日本時間の5月10日ごろ、Snapcraft.ioのGitHubページであるユーザから「このアプリに暗号通貨のマイニングコードが含まれているみたいなんだけど」というポストがなされた。"このアプリ"とは、世界中で人気のパズルゲーム「2048」をUbuntu用にカスタマイズした「2048buntu」で、ユーザがアプリを起動するとsystemdから自動的に「BCN(バイトコイン)」という暗号通貨のマイニングコードが立ち上がるという症例を報告している。
- How to ask to ban the application for security reasons? -Issue #651 canonical-websites/snapcraft.io -GitHub
Canonicalはこの報告を受け、2048buntuをストアから削除、またこのアプリの作者が作成した「hextris」などのアプリもあわせて削除した。

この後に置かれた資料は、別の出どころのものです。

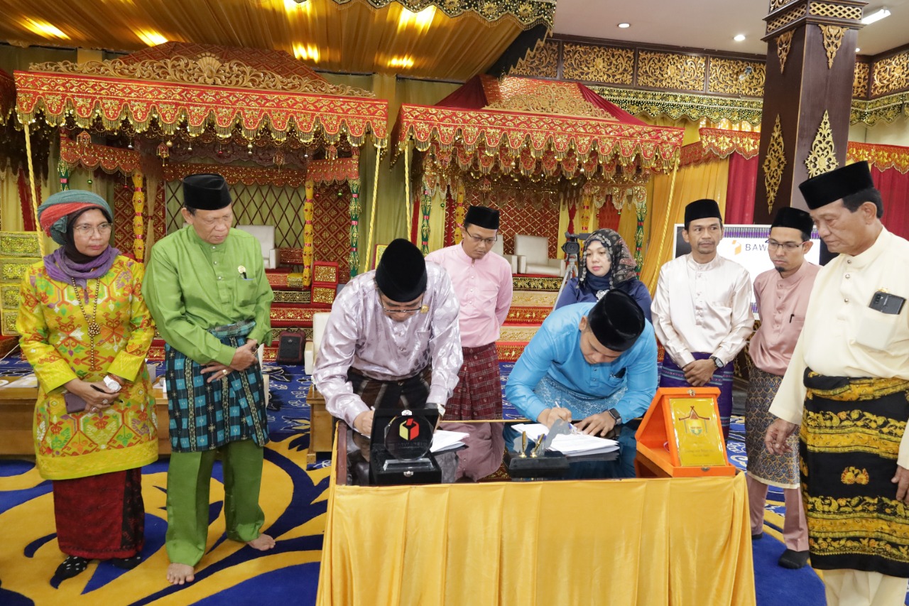 Penandatanganan nota kesepakatan atau Memorandum of Understanding (MoU) dilakukan oleh Ketua Lembaga Adat Melayu Jambi Datuk Temenggung Putro Joyodiningrat Drs. H. Hasan Basri Agus, M.M dan Ketua Bawaslu Provinsi Jambi Wein Arifin, S.IP., M.IP, yang disaksikan oleh Anggota Bawaslu Provinsi Jambi dan Kepala Sekretariat Bawaslu Provinsi Jambi serta pengurus LAM Jambi Provinsi Jambi dan LAM Kabupaten/Kota se-Provinsi Jambi.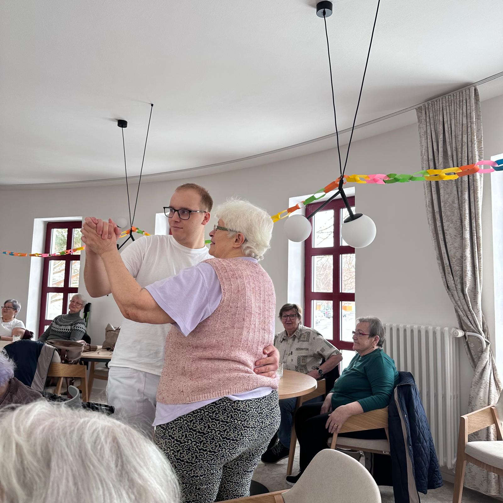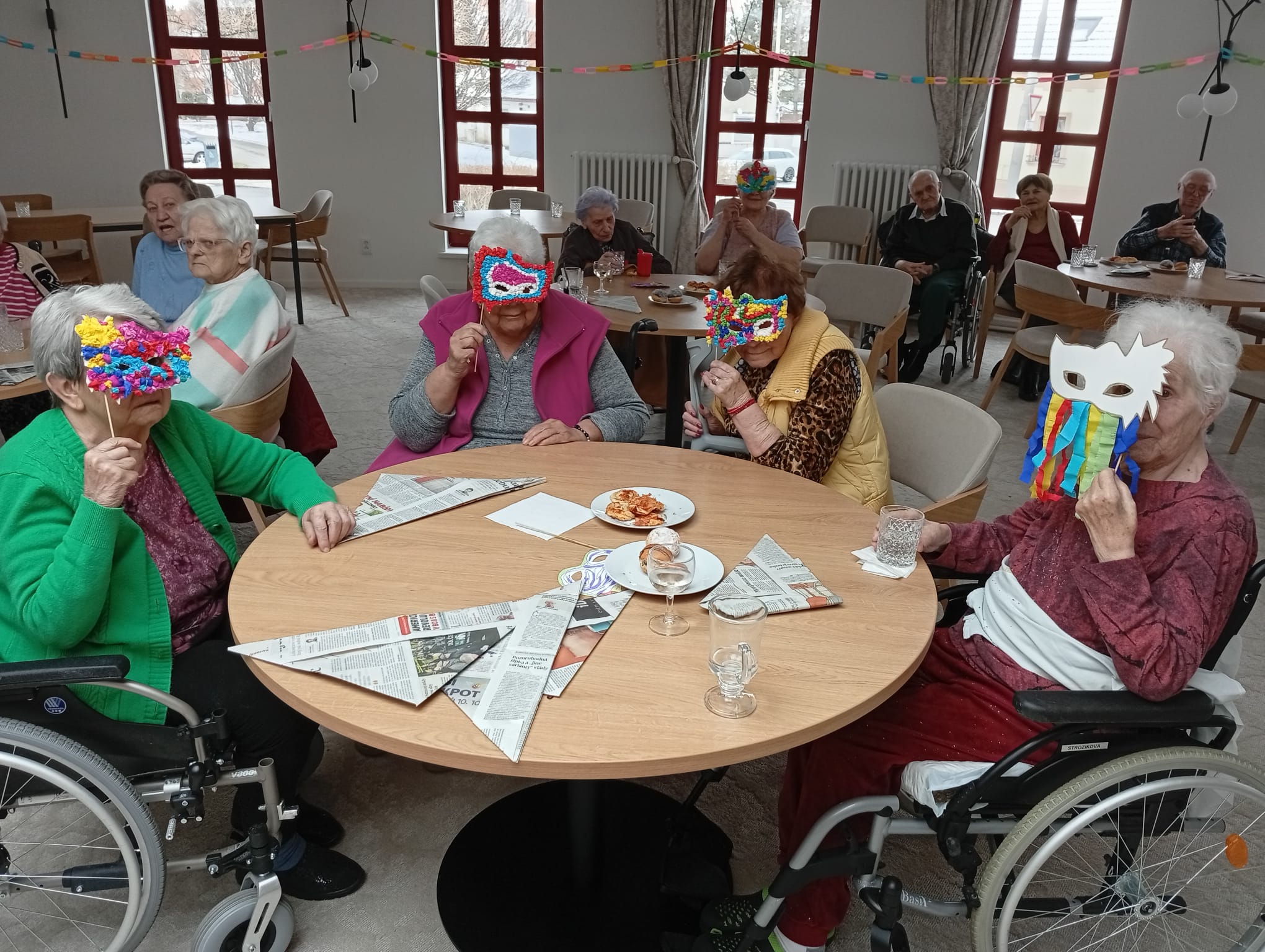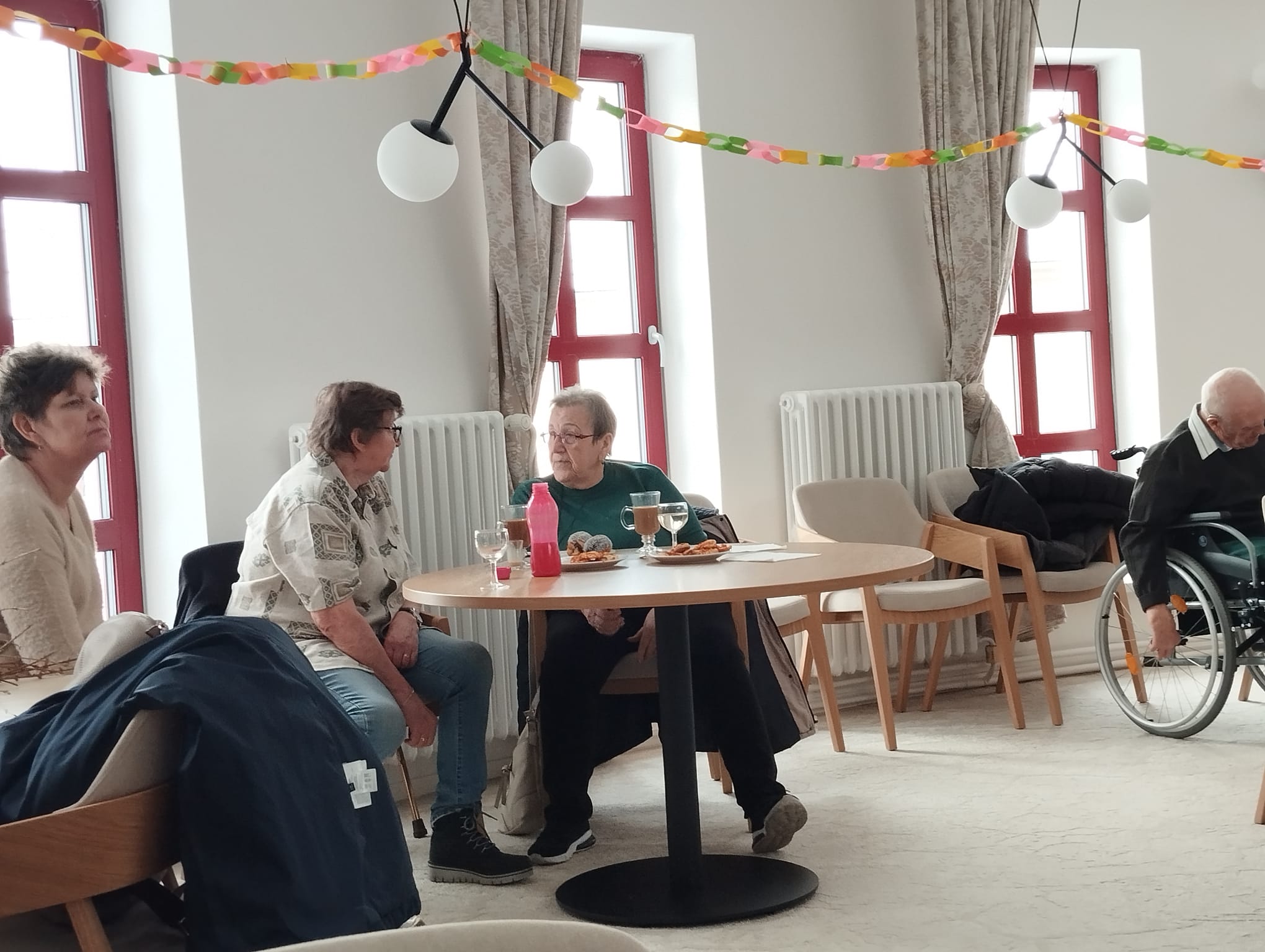 Masopustní posezení nezačalo až samotným programem. Den před akcí se naši klienti pustili do příprav – společně napekli slané šneky, které pak nabídli ostatním hostům. Pečení se tak stalo nejen praktickou přípravou občerstvení, ale také aktivizační činností podporující jemnou motoriku, spolupráci i pocit užitečnosti. „Nejde jen o to něco upéct. Důležité je, že klienti tvoří společně, povídají si, vzpomínají na rodinné recepty a mají radost z výsledku,“ vysvětlila Michaela Pardová, sociální pracovnice během příprav. Masopustní tabuli pak doplnila kuchyň Seniorcentra Opava tradičními koblížky. Vůně sladkého pečiva se linula chodbami a dotvářela autentickou atmosféru svátečního dne.

Hextrisは六角形(Hex)をテトリスのように削除していくゲームである。
2048やテトリスのようなパズルゲームは非常にシンプルだが、そのシンプルさゆえユーザがハマりやすく、良いスコアが出るまで「もう1回!」を繰り返すケースが多い。今回のマルウェアはそうした中毒性を利用し、少なくないユーザに長時間に渡ってマイニングの片棒を担がせていたとみられる。BCNというあまりメジャーではない仮想通貨を狙った手口もあわせて、まさに時代を反映したマルウェアだといえるかもしれない。